Emma Anderson (born 10 June 1967) is an English musician. She is best known for being a songwriter, guitarist and singer in the shoegazing/Britpop band Lush.

Musical career
Born in Wimbledon, London, the adopted daughter of a former army officer who ran a gentleman's club in Piccadilly, Anderson attended several schools before taking her O-Levels at Queen's College, where she met Miki Berenyi. As keen music fans, they wrote a fanzine called Alphabet Soup. Her first band, which she joined in 1986, was the Rover Girls (which featured Chris P Mowforth and Stuart Watson, who were both later in Silverfish) as a bass player.

In 1987, while Anderson was at Ealing College of Higher Education studying Humanities and Berenyi was at North London Polytechnic, they formed Lush. Lush played their very first performance at the Camden Falcon in London on 6 March 1988. They went on to reasonable success, having a number of Top 40 hits over an eight-year career. Anderson told Everett True in Melody Maker, "I remember when I couldn't play, I wasn't in a band, didn't know anyone else who could play, and now we've got a record out on 4AD. I sometimes find it impossible to come to terms with what's happening." Anderson and Berenyi were the only women to take part in the 1992 Lollapalooza tour of the United States.

Both Anderson and Berenyi became major music press celebrities as part of The Scene That Celebrates Itself. Music magazines the NME and Melody Maker gleefully reported their social activities on a regular basis, which could be said to overshadow their increasingly strong songwriting. As drummer Chris Acland stated, "people seem to want to talk about Lush's relationship to the press more than they want to talk about Lush."

Of the sound of Lush, Emma said, ""We were kind of punk rock in one way. We did think 'Well, if they can do it, why the fuck can't we?' Basically, our idea was to have extremely loud guitars with much weaker vocals. And, really the vocals were weaker due to nervousness – we'd always be going 'Turn them down! Turn them down!'.""

After their biggest hits, the Top 30 "Single Girl", "Ladykillers" and "500 (Shake Baby Shake)" and Top 10 album, Lovelife, the band's drummer Chris Acland took his own life in 1996. The members were devastated and they split in 1996. Lush officially announced their breakup on 23 February 1998.
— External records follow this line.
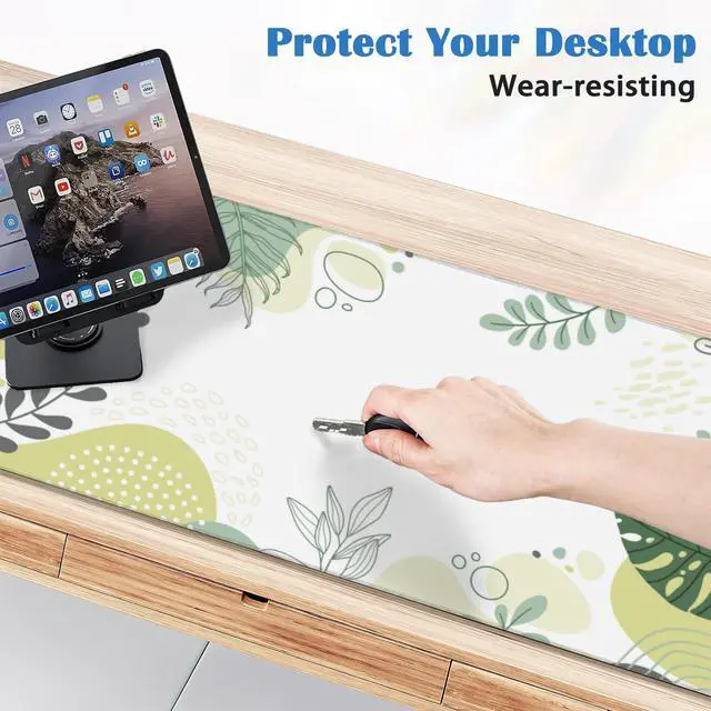 Environmental, and safe to use. ^^ Soft and Non-slip Rubber BaseThe soft and dense non-skid nature rubber base keeps the pad firmly in place, it can effectively prevent the mouse and keyboard from sliding and moving for stable operation. The desk pad is flexible enough to be rolled up for easy transport, to move around so you can work or game wherever you want. ^^ Suitable for many occasionsLarge enough size can protect the desktop from abrasion and liquid spills. Works well on all types of desks including wood, glass, leather, metal, marble desk and more.
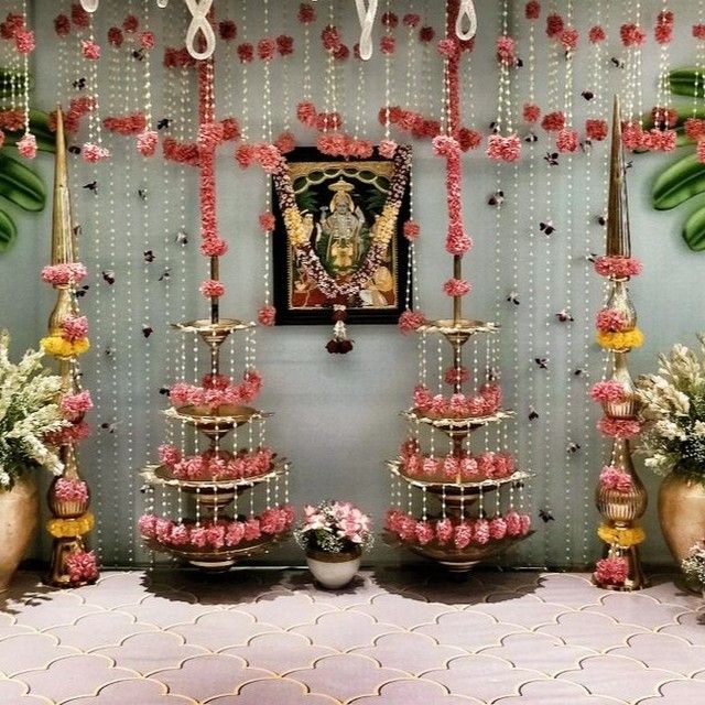 I bring the same level of care and creativity to intimate at-home functions and traditional setups. This collection features decor for home poojas and traditional 'Chappra' or palm leaf entrances, which are essential for many South Indian weddings.
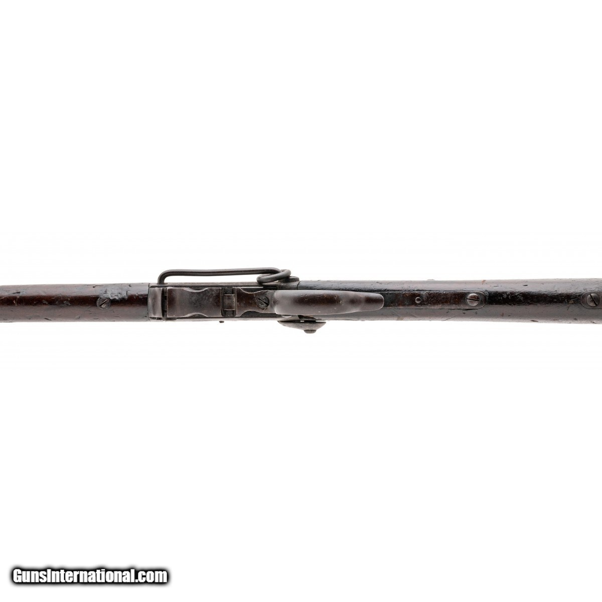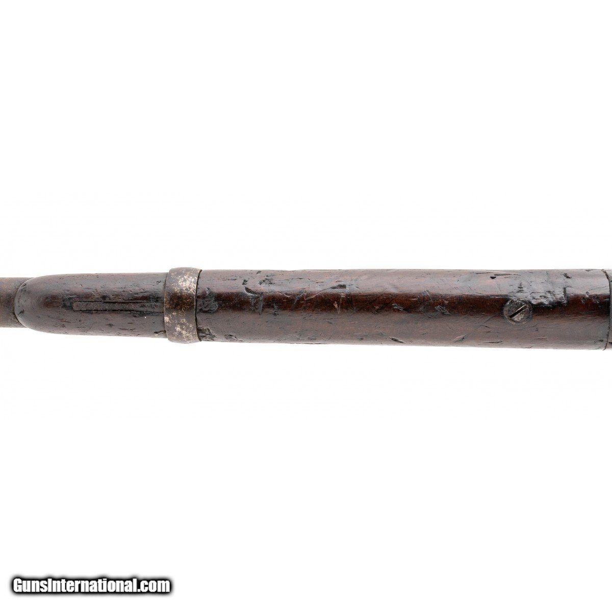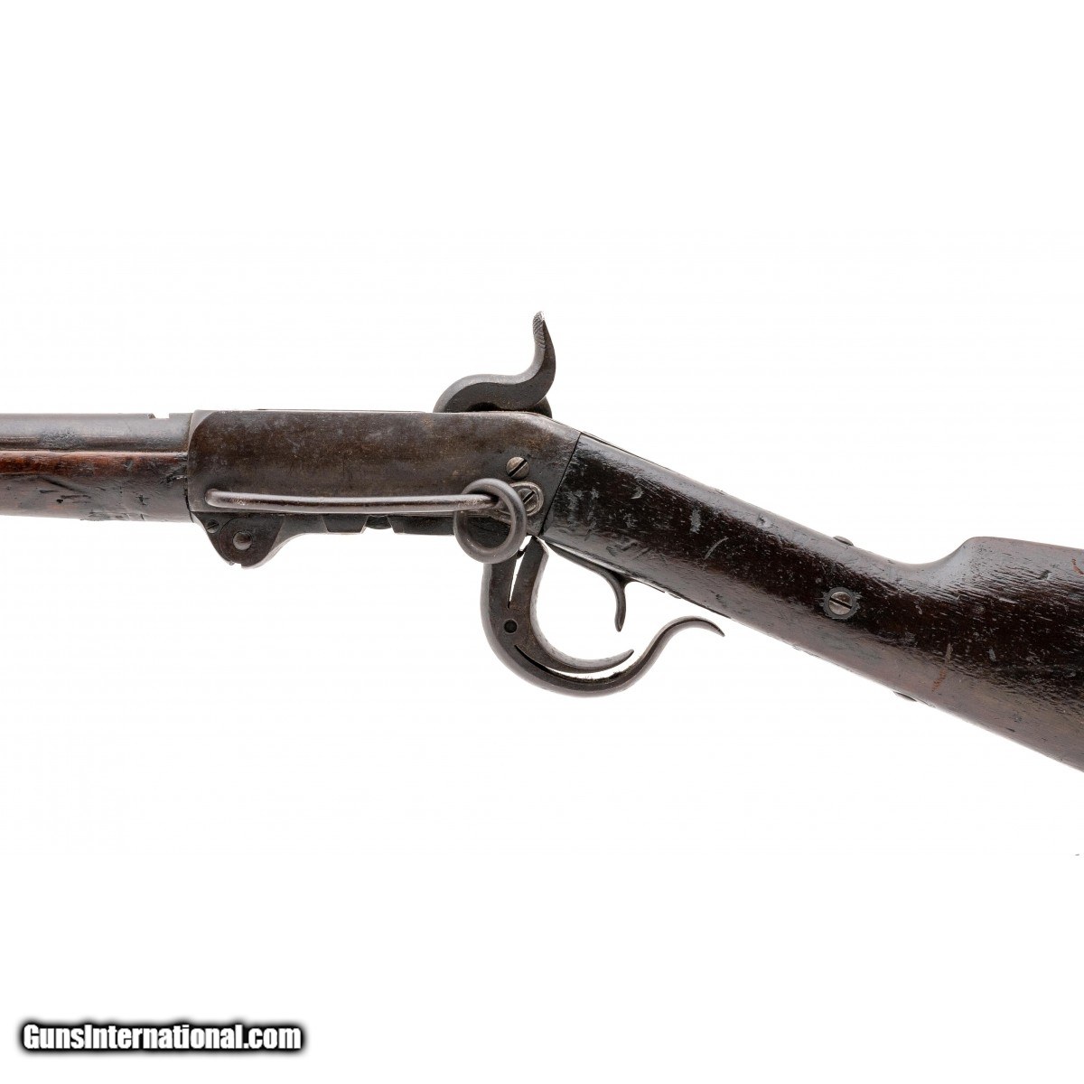 Description: " Serial No. 28806, circa 1863-1864, .54 caliber, 21"" round barrel. Overall condition is untouched, oxidation is noted on all metal parts and is a dark brown/grey patina. Bore is poor with heavy oxidation visible in the lands and grooves. Rear sight is missing, nipple and ignition system will detach from the breech. Factory markings are visible and legible. Stock shows heavy ""combat"" use with initials carved into the left side. Action does not hold at half or full cock. Carbine looks like its seen some action! SOLD Antique: Yes |
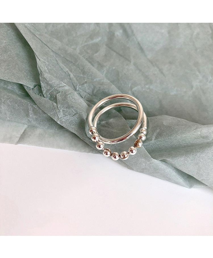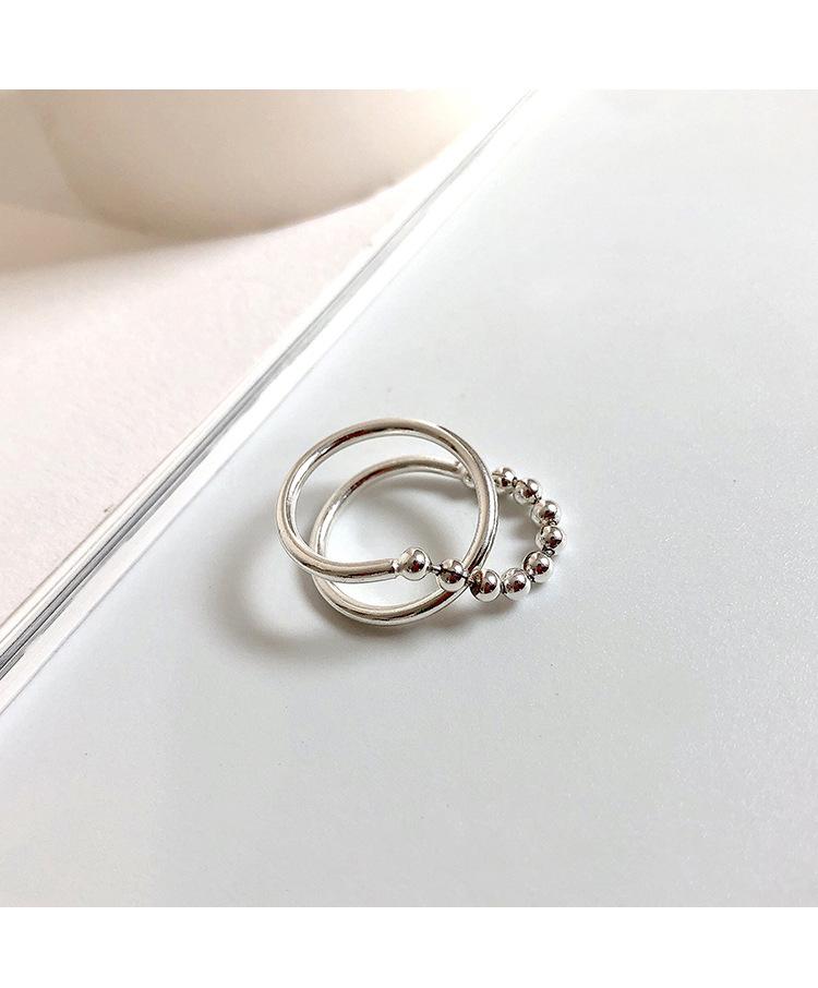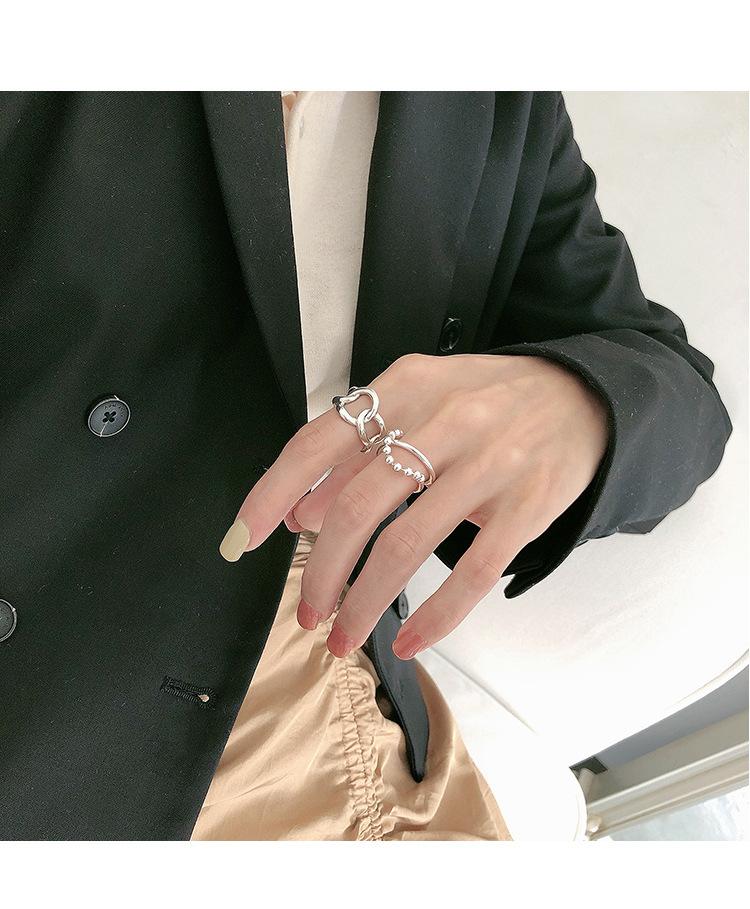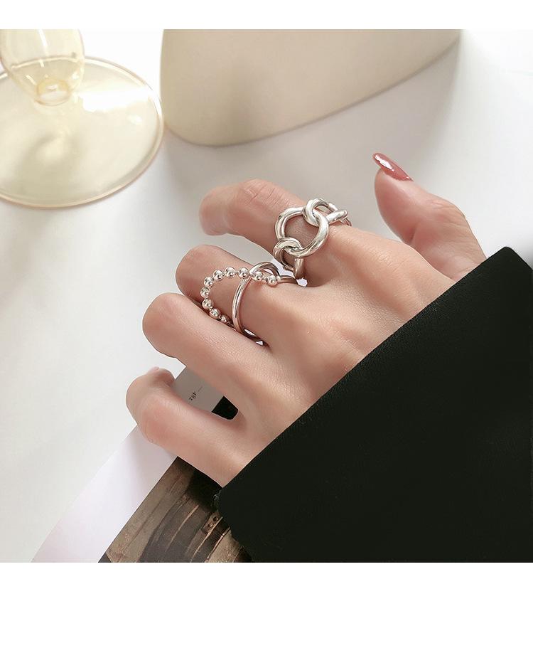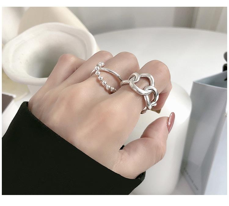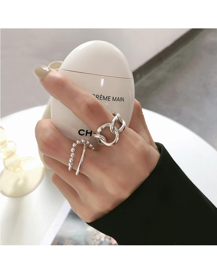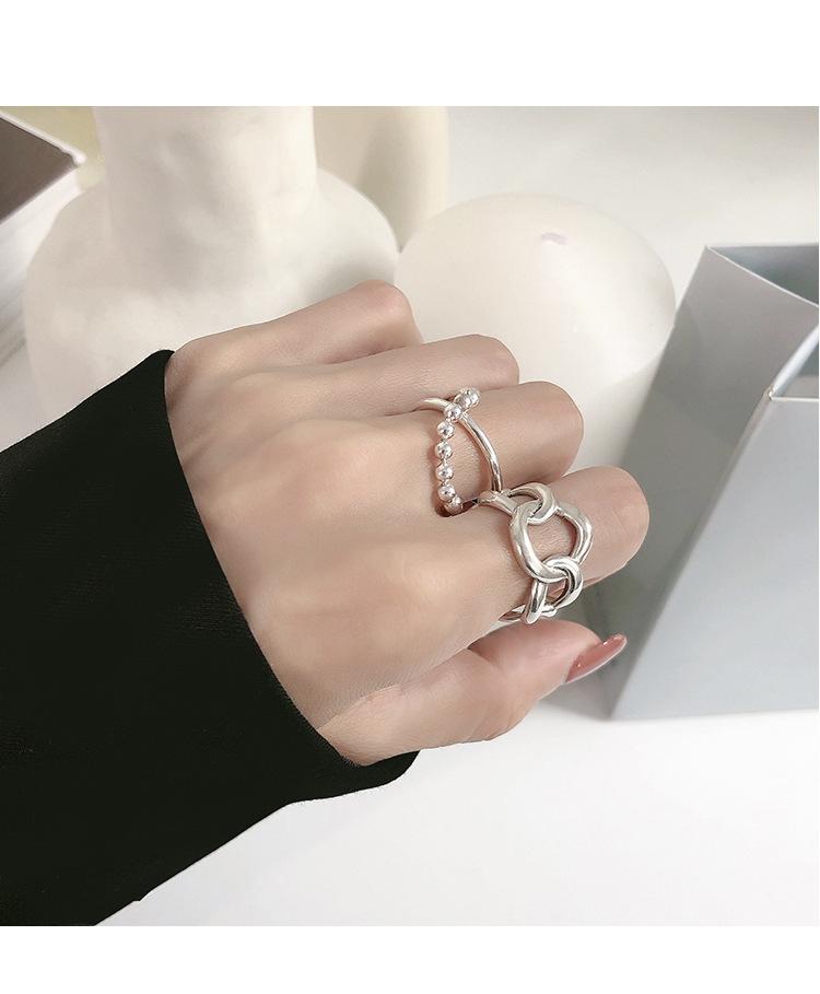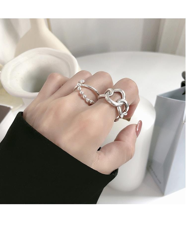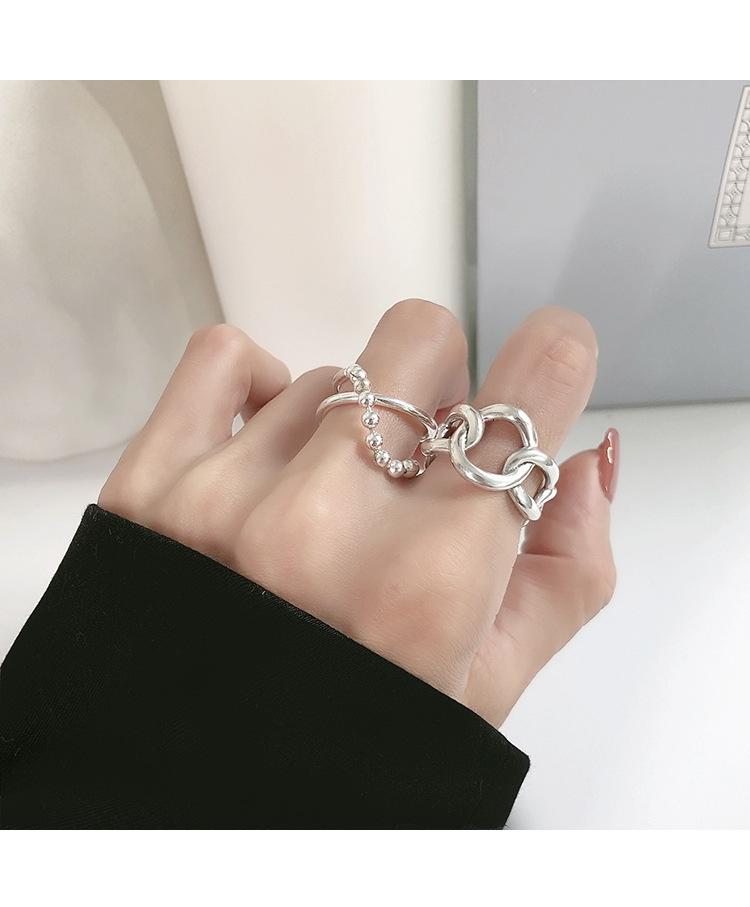 Anillo de Cuentas Redondas de Moda Europea y Americana para Mujer Líneas Retro Anillo de Dedo Índice Plateado en Plata 925 Joyería Punk Trendy de Puesto Callejero Coreano
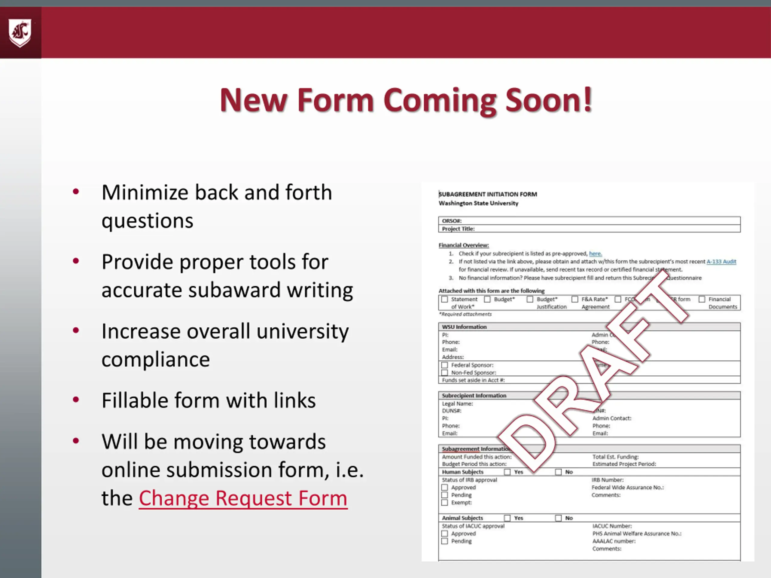 New Form Coming Soon! Minimize back and forth questions Provide proper tools for accurate subaward writing DRAFT Increase overall university compliance Fillable form with links Will be moving towards online submission form, i.e. the Change Request Form
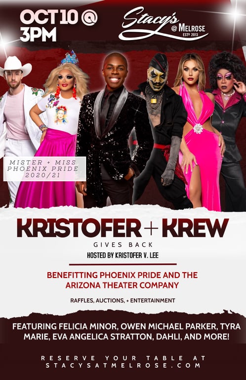 As we are getting ready for the weekend and you all are getting to attend events like Kristofer + Krew Gives Back benefitting Phoenix Pride and Arizona Theatre Company, I think we should follow or connect.
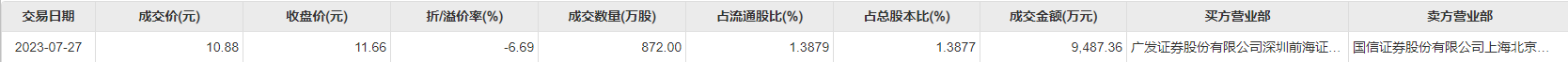 7月27日大宗交易成交872万股,成交额9487.36万元,占当日总成交额的64.33%,成交价10.88元,较市场收盘价11.66元折价6.69%。
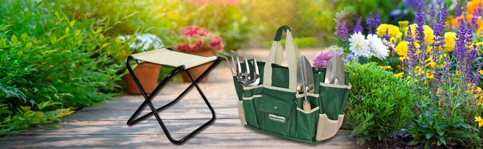 Zadbaj o swój ogród jak prawdziwy profesjonalista! Wytrzymałe narzędzia, komfortowy stołek i praktyczna torba sprawią, że każda chwila spędzona wśród zieleni będzie jeszcze przyjemniejsza. 🌱✨
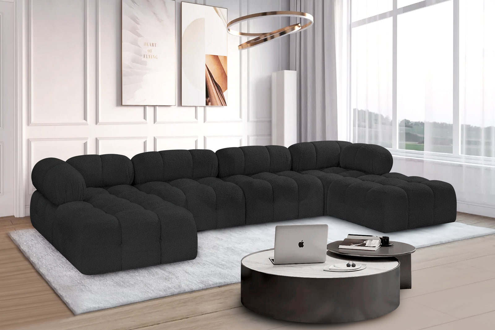- Color: 611Black-Sec6D Ames Black Boucle Fabric Modular Sectional - Black Boucle Fabric
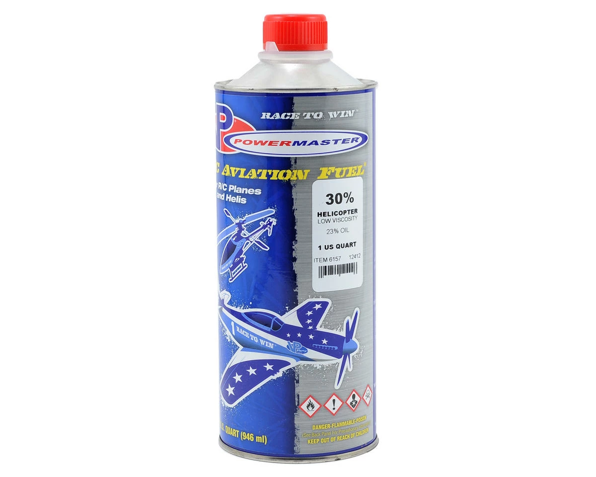 This is a one quart bottle of PowerMaster 30% Helicopter Fuel. PowerMaster Premium Heli Fuel is developed with a low-viscosity oil package combined with a technically-advanced extreme pressure additive package that eliminates bearing wear under any load. This high-performance lubrication package works extremely well for steel bearings and ceramics alike.
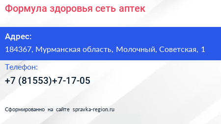 Формула здоровья, сеть аптек по адресу 184367, Мурманская область, Молочный, Советская, 1 в дальнейшем Организация, размещена в следующих категориях:
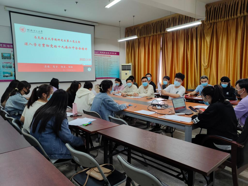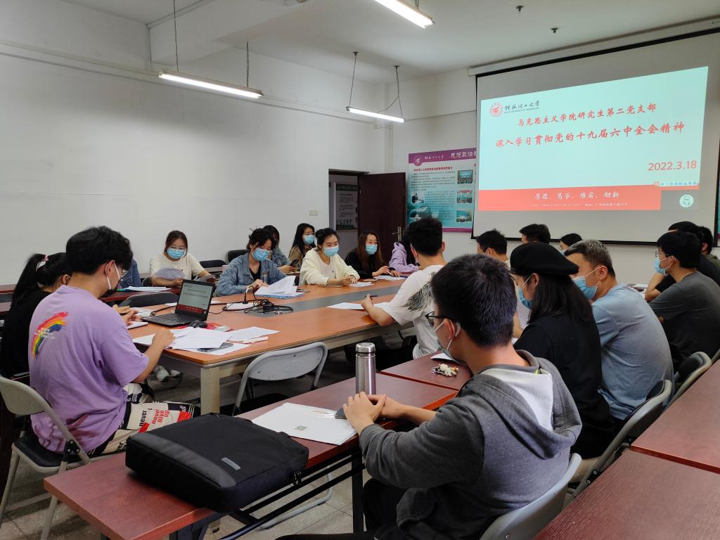 为深入学习贯彻党的十九届六中全会精神,更好地用全会精神武装头脑、指导实践,研究生第二党支部于3月18日在07407教室组织开展了学习贯彻党的十九届六中全会精神专题党课。党支部全体党员通过线上、线下相结合的方式参加了此次活动,会议由党支部书记蒋建主持。
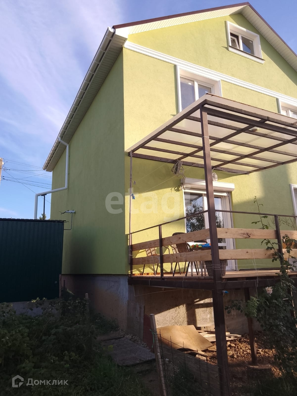 Дом построен из ракушечника, утеплен. Площадь фундамента - 80 м2, общая площадь дома - 200 м2. Первый этаж полностью готов для жизни, сделан ремонт, укомплектован техникой. Здесь располагается большая кухня-гостиная, спальня, санузел с душевой кабиной. техническое помещение, коридор. Из кухни-гостиной есть выход на террасу, которая выполнена из лиственницы. Она просторная и вместительная, размером 3х4 метра.

While a member of Lush, Anderson also worked with Drum Club contributing vocals and guitar on "Spaced Out Locked In" on their 1993 album Everything Is Now, also playing guitar on "Sound System".

In 1997 Anderson formed a new band with vocalist Lisa O'Neill, Sing-Sing. Emma explained how it started, "I just started writing songs not really knowing what was going to happen though I kind of knew I didn't want to form another 4-piece indie band. I demoed those songs for 4AD with myself singing but was dropped but I wasn't fazed. I then met Lisa O'Neill via a guy I was going out with at the time. She had worked with Mark Van Hoen whom funnily enough, someone I knew said, was looking for collaborators so it kind of all fell into place and Sing-Sing was born."
They released two albums – The Joy of Sing-Sing in 2001 and Sing-Sing and I in 2005, before officially disbanding on New Year's Day 2008.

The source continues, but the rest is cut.